His projects have received numerous design awards, including 29 awards from chapters of the American Institute of Architects and two “Best of the Year” awards from Remodeling magazine. He also has served on numerous juries for local and national publications, including the Residential Architect Awards last year. Cunningham has been visiting faculty at both Catholic University and Howard University and is a trustee on the Board of The Washington Architectural Foundation.
Ann Fertig Freedman (BFA ’71) joined Knoedler & Co., one of the New York’s preeminent galleries, in 1977 as director of contemporary art and, in 1993, was appointed president and director.

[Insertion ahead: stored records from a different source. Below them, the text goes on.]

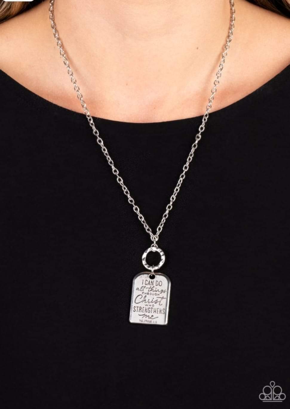Dangling from a simple silver chain, a hammered silver hoop boosts a rounded rectangular plate. Lightly hammered in gritty detail, the silver pendant is stamped with the popular phrase "I can do all things through Christ who strengthens me" with the scripture reference "Philippians 4:13" listed below it in a daintier font for a hopeful finish. Features an adjustable clasp closure.
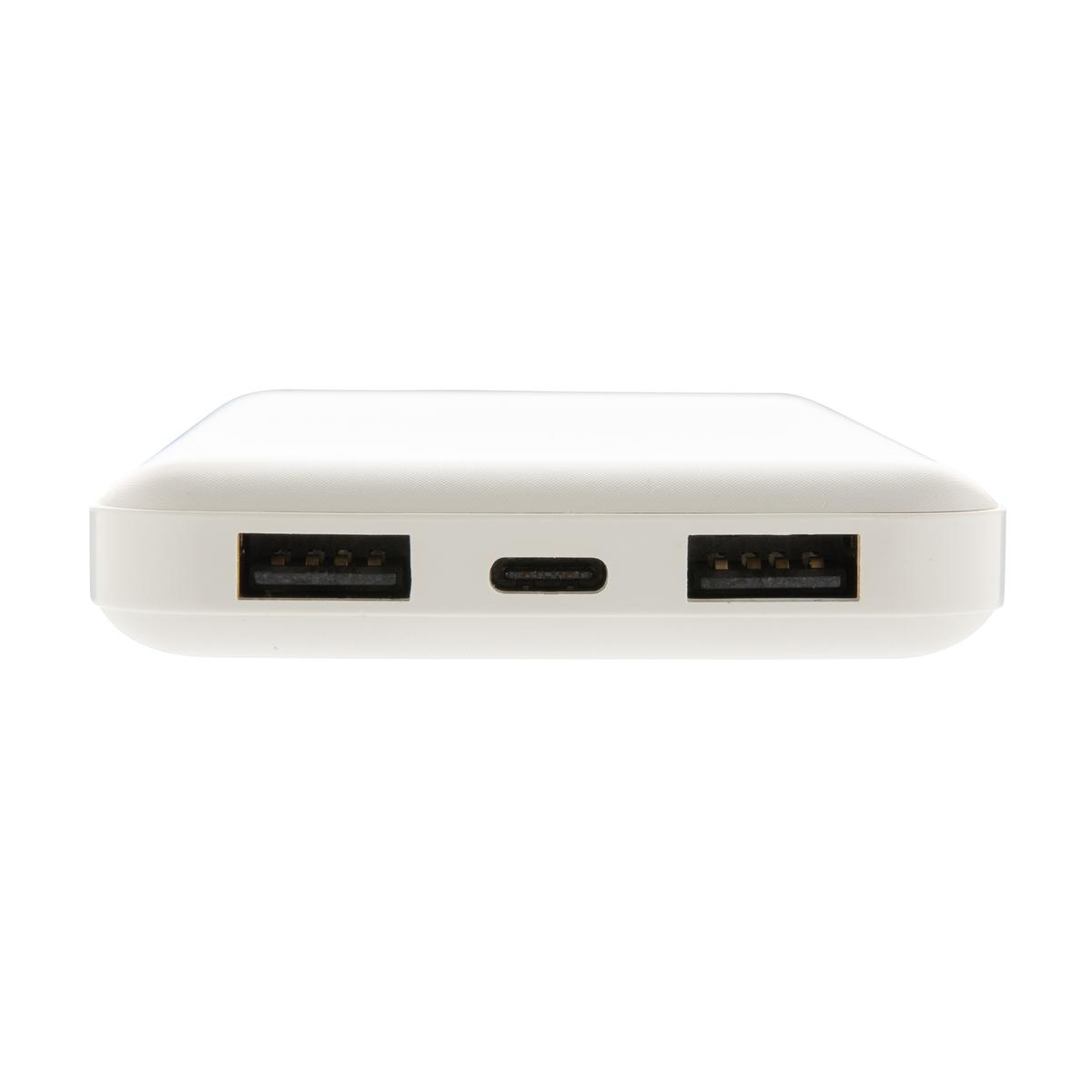 Powerbank ultra-compact de 10.000 mAh en ABS léger qui se glisse dans votre poche et vous permet de l'emporter partout avec vous. Avec double port USB. Les indicateurs de puissance indiqueront le niveau d'énergie restant pour que vous sachiez toujours quand recharger. Entrée 5V / 2A. Sortie USB 1: 5V / 2A Sortie USB 2: 5V / 1A
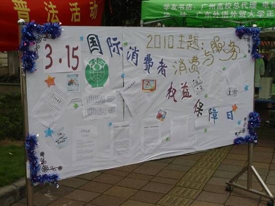 本网讯 2010年3月15日星期一是国际消费者权益日,广外法律援助中心、365英国上市公司团委员工会、365英国上市公司志愿者协会三方强强联手,在南北校同时举行主题为“消费与服务”的普法宣传活动。
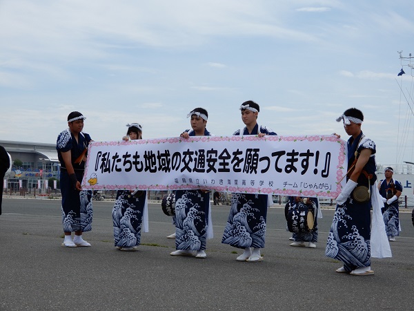 平成30年7月13日(金)、いわき市小名浜のアクアマリンパークにおいて東警察署主催の平成30年夏の交通事故防止県民総ぐるみ運動出動式が行われました。そこで、いわき海星高校チーム「じゃんがら」による「じゃんがら念仏踊り」を披露させて頂きました。生徒一人一人が、交通安全の祈りを込めて一生懸命演舞していました。
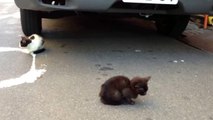 生まれたばかりの ねこちゃんに母親がしつけをします。(=^・^=)
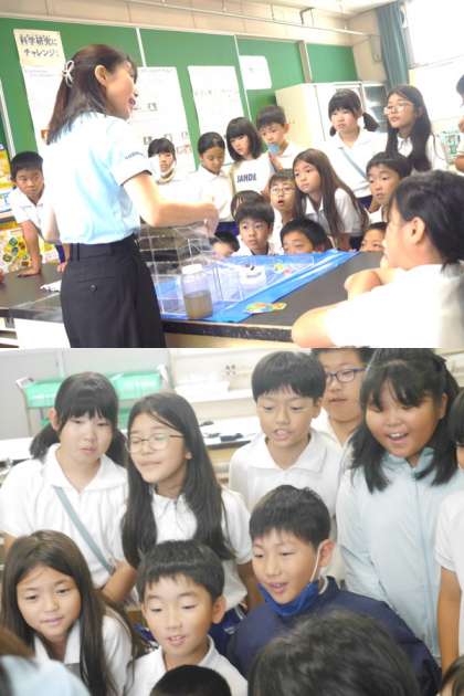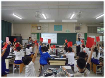 環境について学んでいる総合的な学習の時間と理科の授業を関連させて、今日は水育の出前講座を行いました。
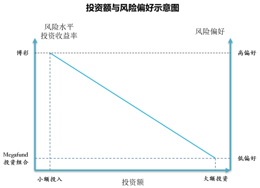 人们之所以愿意买彩票,原因在于每注彩票的份额很小,但中奖的回报率很高。满足了人们以小博大的心理。但拥有大额资金的投资人往往不会投资高风险项目,他们更愿追求低回报,但安全性更高的项目。因此,风险偏好与投资份额大小呈反比关系。
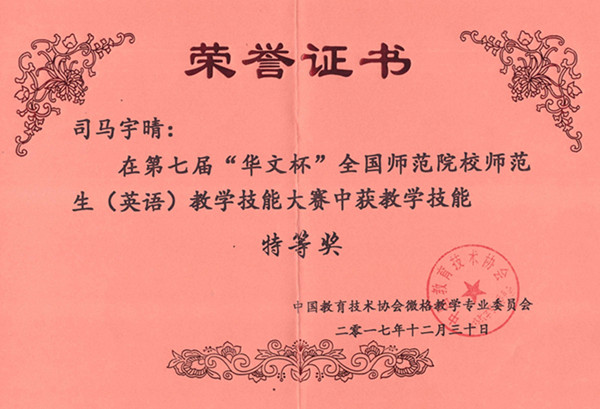 本网讯 2017年12月31日,第七届“华文杯”全国师范院校师范生英语教学技能大赛获奖结果揭晓,外国语学院2014级本科生司马宇晴获得教学技能特等奖,学科教学英语领域教育硕士研究生易思利获得教学设计一等奖,学科教学英语领域教育硕士研究生汪迪、英语本科生洪晨、周欣等分获教学技能和教学设计二、三等奖。於银梅、胡晓晏、王德志、蒲春红、岑海兵、汪晖、王后、汪艳、张慧芳、李丽等指导老师获得“优秀指导教师奖”。
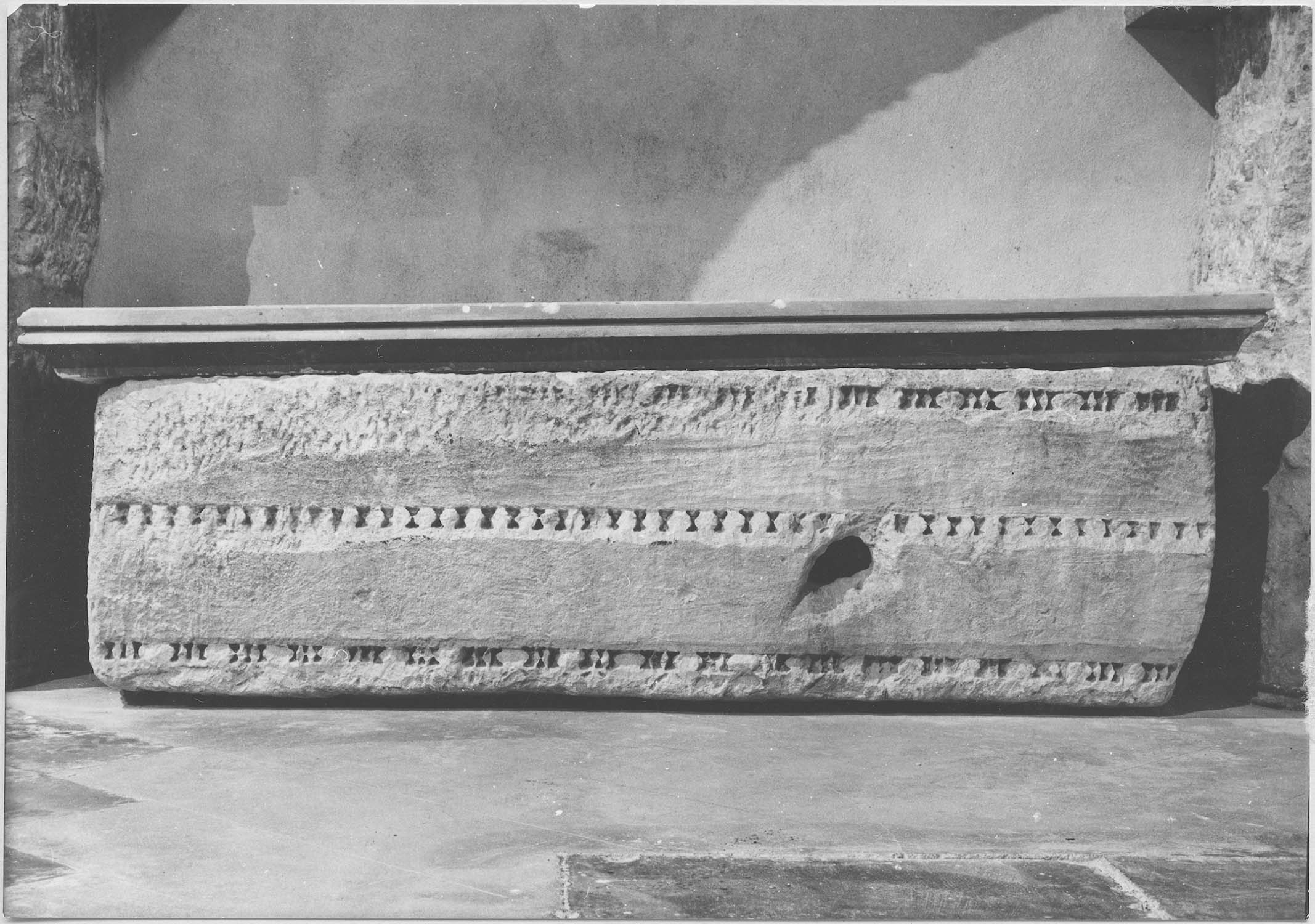 Ce sarcophage ne comporte pas de couvercle. Le décor semble être de l'époque romaine.
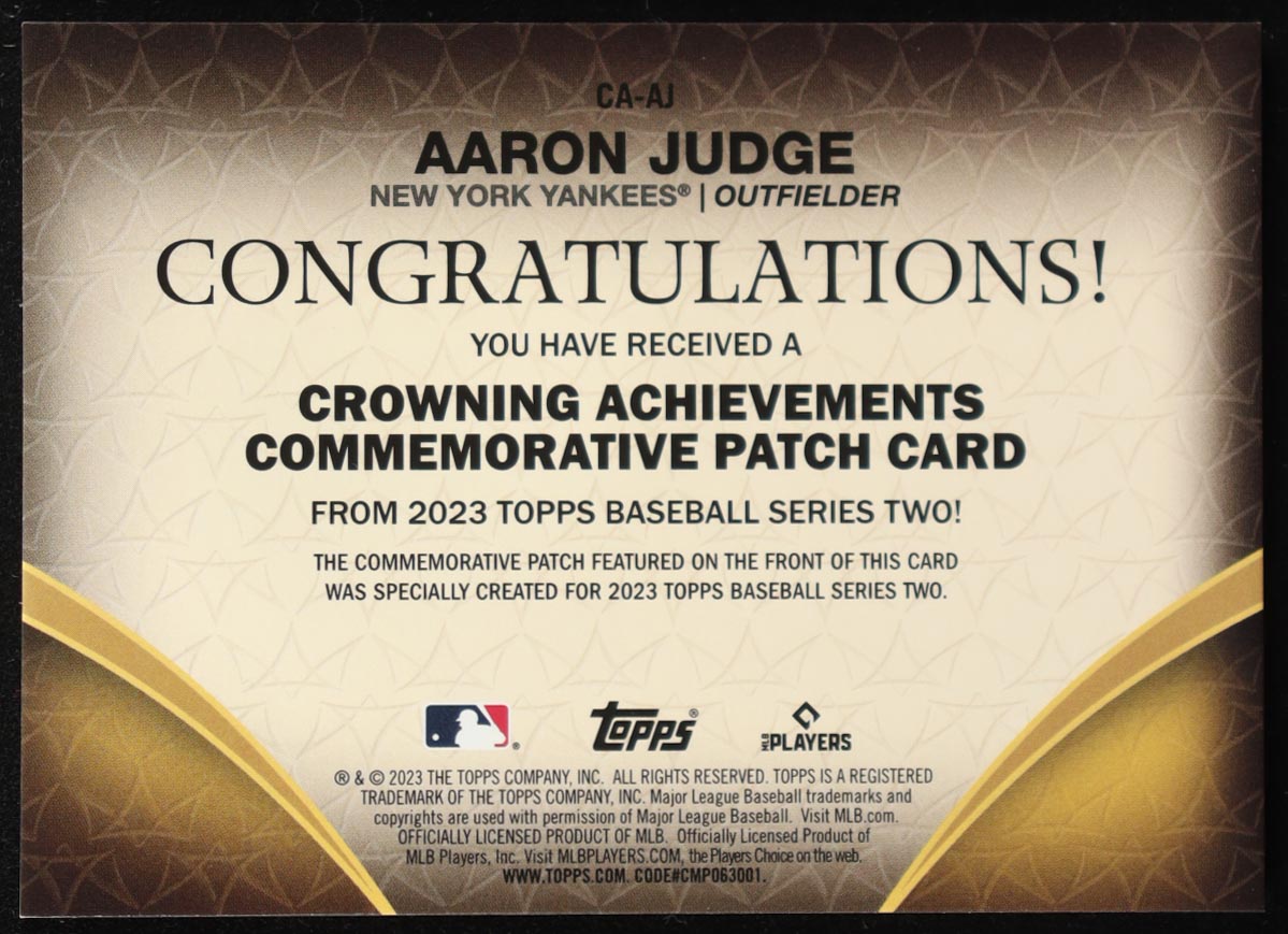 Aaron Judge 2023 Topps Crowning Achievements Commemorative Patches #CAAJ
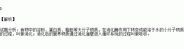 C.营养物质进入小肠的过程 D.食物中的营养成分通过消化道壁进入循环系统的过程
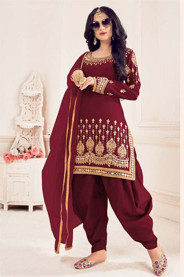 Maroon Color Art Silk Fabric Festival Wear Embroidered Riveting Patiala Suit
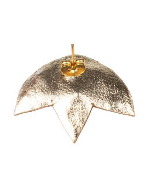 Earrings hand-embroidered with silk thread, set with a semi-precious stone and brass beads. Leather lining, anti-allergenic and stainless brass fastener.
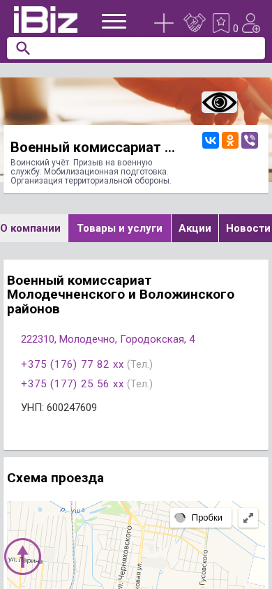 | Название / Заголовок | Военный комиссариат Молодечненского и Воложинского районов - Воинский учёт. Призыв на военную службу. Мобилизационная подготовка. Организация территориальной обороны.. 222310, Молодечно, , Городокская, 4 |
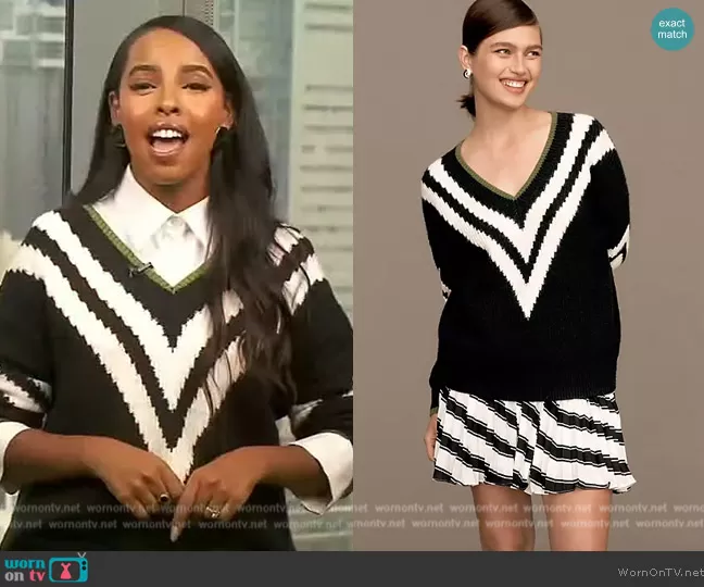 On a recent episode of "Extra," Mona introduced a mesmerizing blend of classic and contemporary fashion, wearing a black and white chevron stripe sweater. The bold zigzag pattern created an eye-catching visual rhythm, offering a modern take on the timeless black and white palette. The sweater seamlessly combined elegance with everyday wearability, making it both a statement piece and a versatile addition to any wardrobe. Its design, which encapsulates both the boldness of chevrons and the sophistication of monochromatic hues, spoke to the diverse style offerings at Anthropologie. Viewers and fashion enthusiasts alike who found themselves enamored by Mona's stylish choice are in for a treat; this chic sweater is not just a fleeting moment on screen but is available for purchase at Anthropologie, offering fans an opportunity to infuse their personal style with a dash of televised elegance.
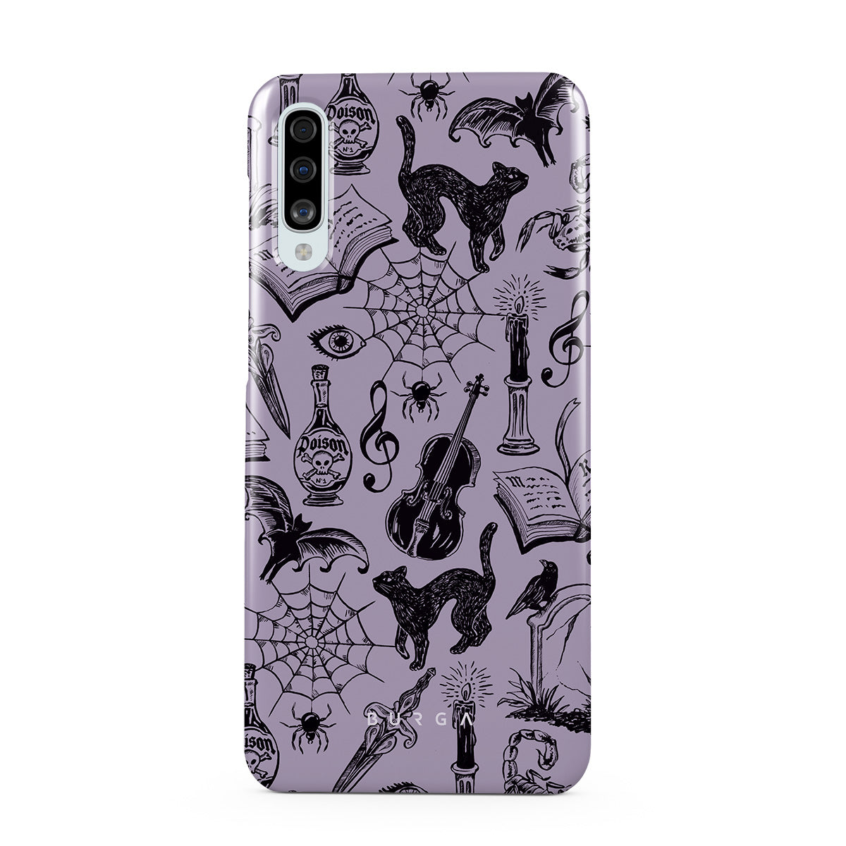 This design features: gothic doodles, mystical elements, spiders, spiderweb, cat, violin, eye, candle, dagger, book, bat, crow, scorpion
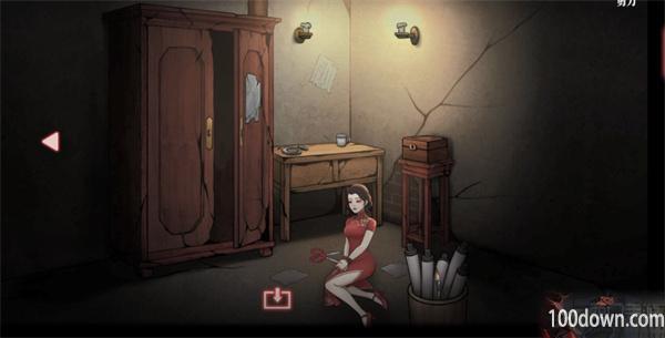 3、捡起女人右边的【毛笔】,桌子上的【空杯子】,最后点击柜子顶的竹筒。
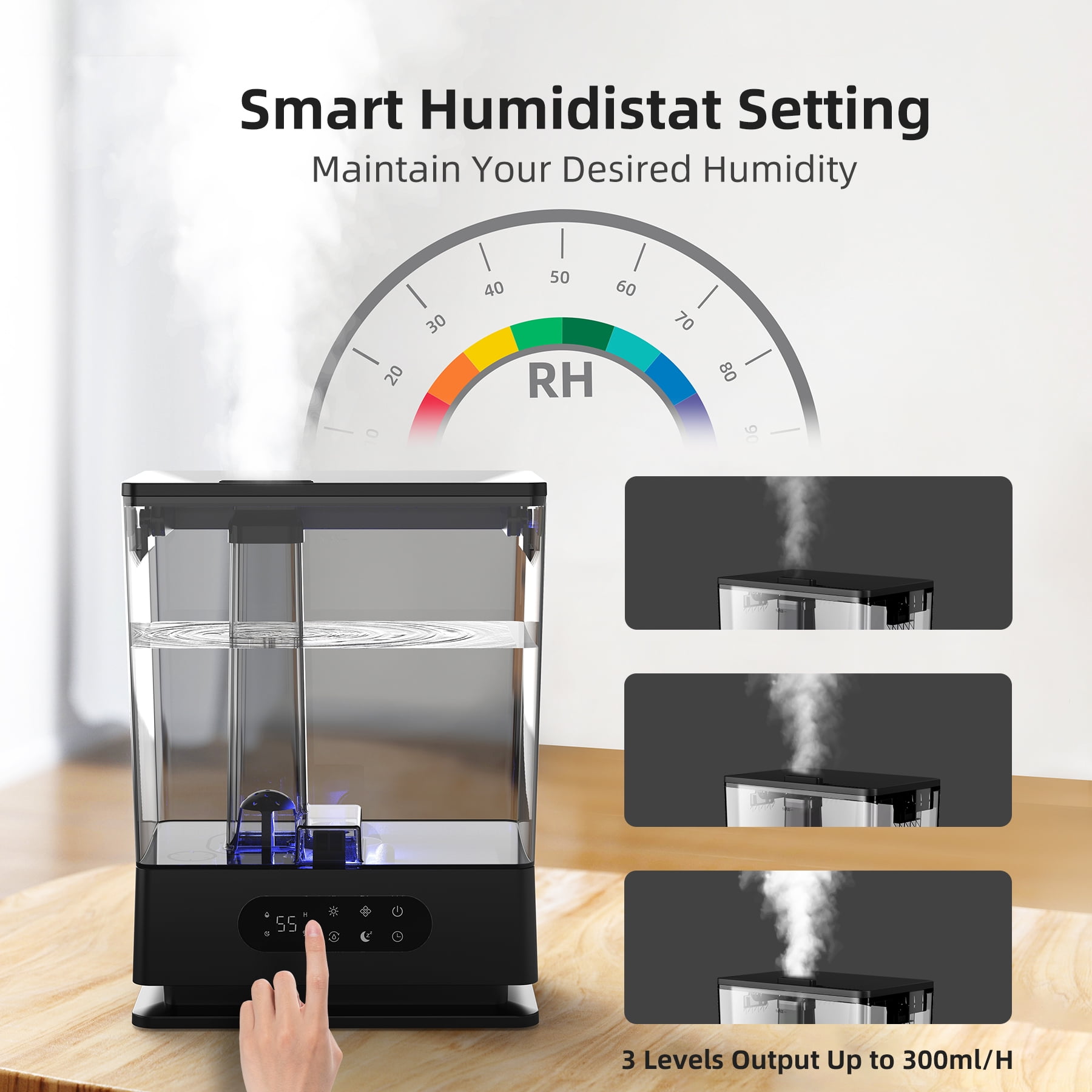 KLOUDIC 6.5L Large Top-fill Humidifier Cool Mist Humidifiers for Home, Bedroom with Customized Humidity for Sleep and Plants, Black
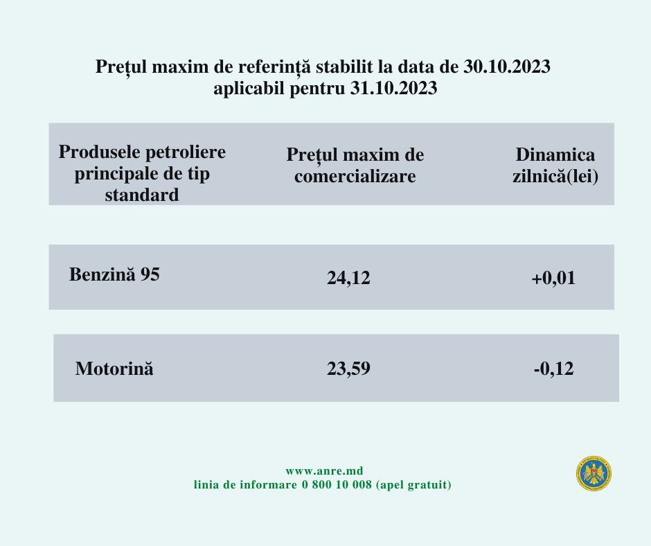 Prin urmare, litrul de benzină va costa 24,12 lei, iar cel la motorină - 23,59 lei.

She has served on the executive board of directors of the Art Dealers Association of America and on the National Council of the Sam Fox School. With her husband, Robert L. Freedman, Ann Freedman is active both as a collector of art and a museum patron, donating works from their collection to museums across the country. Recent donations include the gift of Frank Stella’s wall relief “Lo Sciocco Senza Paura (The Fearless Fool)” to the Mildred Lane Kemper Art Museum.
Tom Friedman (BFA ’88) is known for transforming mundane consumer products into playful yet meticulously crafted works of art, ranging from sculptures and drawings to prints, installations and multimedia constructions.
His work has been exhibited at major museums throughout the world, including solo shows at the Museum of Modern Art in New York and the Art Institute of Chicago. In 2006, the Kemper Museum inaugurated its new College of Art Gallery with “Pure Invention: Tom Friedman,” an exhibition of more than 20 works, drawn largely from St. Louis-area collections, surveying the last decade of his career.
Harry C. Kendall, AIA (B.A. ’78) co-founded BKSK Architects in 1985 and serves as partner-in-charge of business development as well as the firm’s public liaison for projects requiring complex regulatory approvals.
Kendall also has led the design of some of BKSK’s largest projects in landmark districts, including New York’s Fischer Mills Building and 124 Hudson Street Condominiums, both of which were lauded by the Landmarks Preservation Commission. An adjunct professor of architecture in Columbia University’s graduate historic preservation program, he lectures widely on the topic of adaptive reuse and new buildings/additions in landmark districts.
Young alumni award
Sara Velas (BFA ’99) is a visual artist and founder and director of The Velaslavasay Panorama, an exhibition hall, theatre and garden in the historic Union Square area of Los Angeles, which she launched in 1999.
Velas has traveled extensively, visiting 19th-century panoramas — as well as their contemporary counterpoints — throughout the United States, Europe and Asia. A member of the International Panorama Council, she has lectured extensively on her interpretation of the panoramic artform.
She recently participated in the exhibition “20 Years Ago Today: Supporting Visual Artists in Los Angeles at the Japanese American National Museum” and completed a monthlong printmaking residency at Kala Institute in Berkeley, Calif.
Dean’s medal
Judy Pfaff (BFA ’71) is one of the most celebrated artists of her generation, known for crafting large-scale installations that combine local materials with elements of painting, sculpture and architecture.
Her work has been featured in more than 100 one-person shows and installations and more than 200 group exhibitions. Today, it can be found in such prestigious collections as the Detroit Institute of Art, the Philadelphia Museum of Art and New York’s Museum of Modern Art and Whitney Museum of American Art. Her numerous awards include a 2004 MacArthur “genius” Fellowship as well as grants from the National Endowment for the Arts, the Guggenheim Foundation and many others.